Lily of the Valley Family

( Originally Published 1908 )


SOME of the most beautiful of the spring wild flowers belong to the Lily-of-the-Valley family, which is named from the Lily-of-the-Valley so highly prized in our flower gardens. The flowers belonging to this family have a general resemblance to the Lilies, to which they are closely related, but instead of having bulbs or corms, as do the Lilies, they have more or less thickened rootstocks which may be simple or branched. The leaves are generally parallel veined and there are commonly three sepals and three petals, although in their appearance these sometimes resemble each other, as do those of the Lilies. There are six stamens and the pistil commonly has a three-lobed stigma. The fruit is a berry which is more or less fleshy in its structure.

YELLOW CLINTONIA. Toward the middle of the spring season you may often come across in damp, cool woods in the Northern States good-sized beds which Nature has thickly planted with the Yellow Clintonia—a member of the Lily-of-the-Valley family that always reminds me of an orchid. I suppose this is because the large, smooth, shiny leaves so closely resemble those of the Showy Orchis, which is found in bloom on wooded slopes at the same season. Each plant sends up from the leaves a single flower stalk which bears the drooping, bell-like blossoms. These flowers are freely visited by such bees as penetrate the shady vistas where they grow, and the visitors appear to get both nectar and pollen in exchange for their services in carrying the pollen from flower to flower. The species is a northern form, as its technical name, Clintonia borealis, indicates : it extends southward as far as North Carolina and Wisconsin.

The White Clintonia is a less widely distributed species, with smaller erect flowers and black berries, which is found as far north as New Jersey and New York and as far south as Georgia and Tennessee. It blossoms during May and June and commonly has more flowers upon a single central stalk than does the Yellow Clintonia.

FALSE SOLOMON'S SEAL. The Wild Spikenard or False Solomon's Seal differs strikingly in appearance from the true Solomon's Seal. It has a conspicuous panicle of many small white blossoms on the end of the main stalk beyond the leaves. It grows in the same shrubby thickets or woodland borders where the Solomon's Seal is found and is distributed over much the same geographical regions. It is pollenized by small bees that gather some of the abundant pollen. This is a widely distributed species, extending over practically the whole of eastern North America.

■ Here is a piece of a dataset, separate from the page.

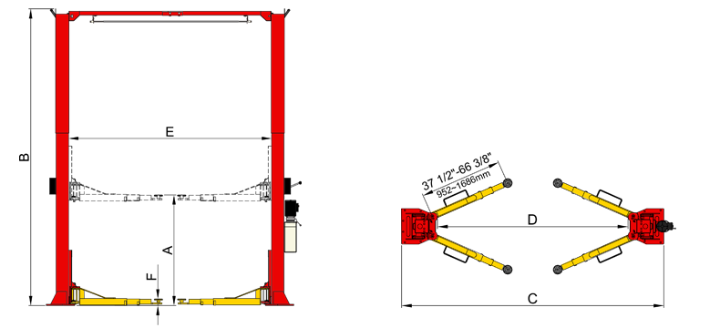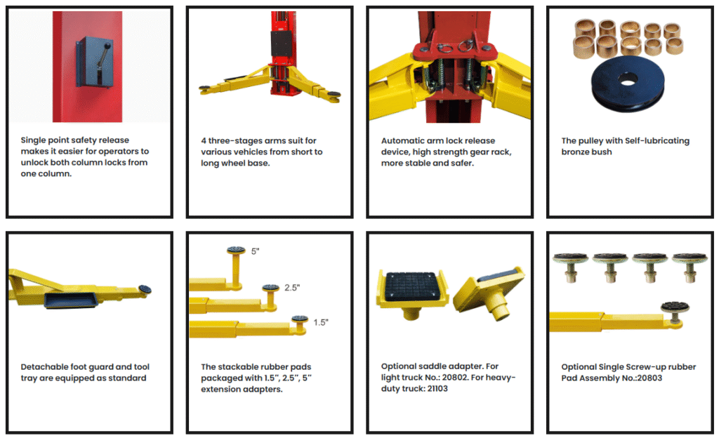 - 4 three-stage arm design allows to lift vehicles from short to long wheel base

The Star-flowered Solomon's Seal is a some-what similar plant which in some of the eastern states is found in great abundance along the borders of woods and along the embankments of railways. It is distinguished from the Wild Spikenard by the fact that the flowers are arranged along a central stalk in the form of a raceme rather than on many stalks in the form of a panicle. The flowers are not so numerous but individually they are somewhat larger. They blossom in May and June and frequently occur in thick beds of considerable beauty. The plants reach a height of ten to twenty inches, each stalk bearing numerous sessile and slightly clasping leaves.

WILD LILY-OF-THE-VALLEY. The Wild Lily-of-the-Valley is a beautiful little plant with two or three broad and shining leaves and many small, fragrant, pure white flowers above them on the central stalk. Each tiny flower consists of the perianth—or the petal-like part—with four lobes, four stamens and one pistil, the stigma of the latter being two-lobed. After the flowers have passed the pretty pale red berries ripen. The plant grows abundantly in sparse woods—especially pine woods—and is found in the north from Newfoundland to the Northwest Territory, extending southward to North Carolina and South Dakota. This flower is sometimes called the Two-leaved Solomon's Seal and occasionally the Canada Mayflower.

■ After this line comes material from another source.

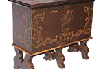 Product: Trunk Dimensions: 45"w x 18"d x 36"h Style: Hand Painted Wood Color: PL06 Sienna Motif: 13 Scrolls Origin: Brazil Product ID: RWD-TRK-PT-1101

TWISTED-STALK. The Twisted-stalk or Streptopus is one of the most interesting of the early summer wild flowers. There are two species of these plants, one with leaves that completely clasp the main stem at their base, which is called the Clasping-leaved Twisted-stalk, and the other with leaves which are simply sessile, which is called the Sessile-leaved Twisted-stalk. The flowers of the former are greenish white while those of the latter are rosy or rosy purple. In both species they are rather small and of a bell-like form, hanging downward from rather short stalks. In both the fruit is a round or oval red berry about half an inch in longest diameter.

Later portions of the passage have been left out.